[AVAILABLE DATA — start]

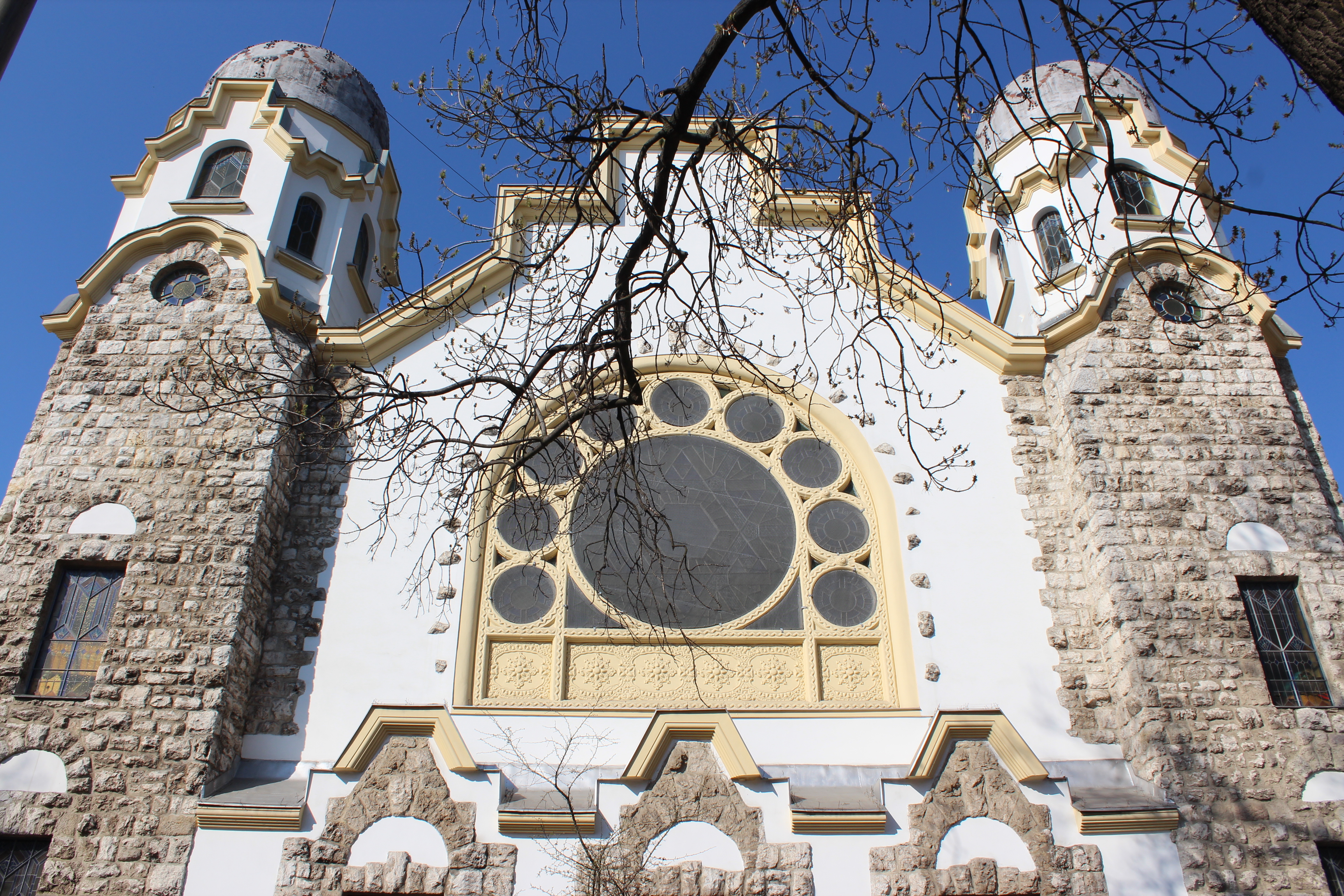 Everyone's church (former synagogue) in Román street, Budapest District X
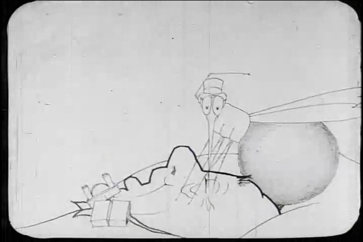 Still from How a Mosquito Operates (1912) by American animator Winsor McCay
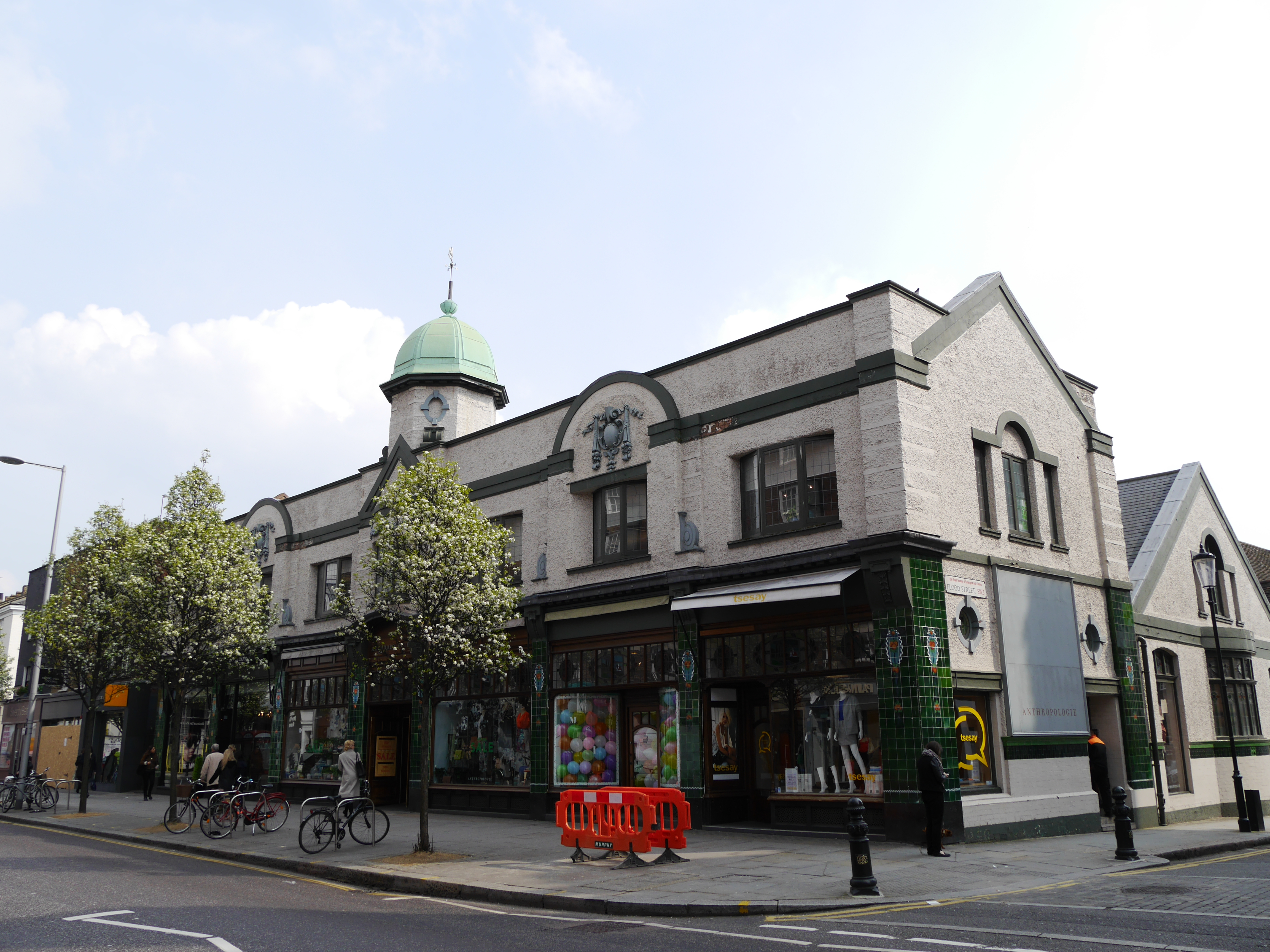 Temperance Billiard Hall, 131-141 King's Road, Chelsea, London SW3

[AVAILABLE DATA — finish]

TASK PROMPT
Repeat the data exactly, dropping every picture it holds.

WRITTEN RESPONSE
 Everyone's church (former synagogue) in Román street, Budapest District X
 Still from How a Mosquito Operates (1912) by American animator Winsor McCay
 Temperance Billiard Hall, 131-141 King's Road, Chelsea, London SW3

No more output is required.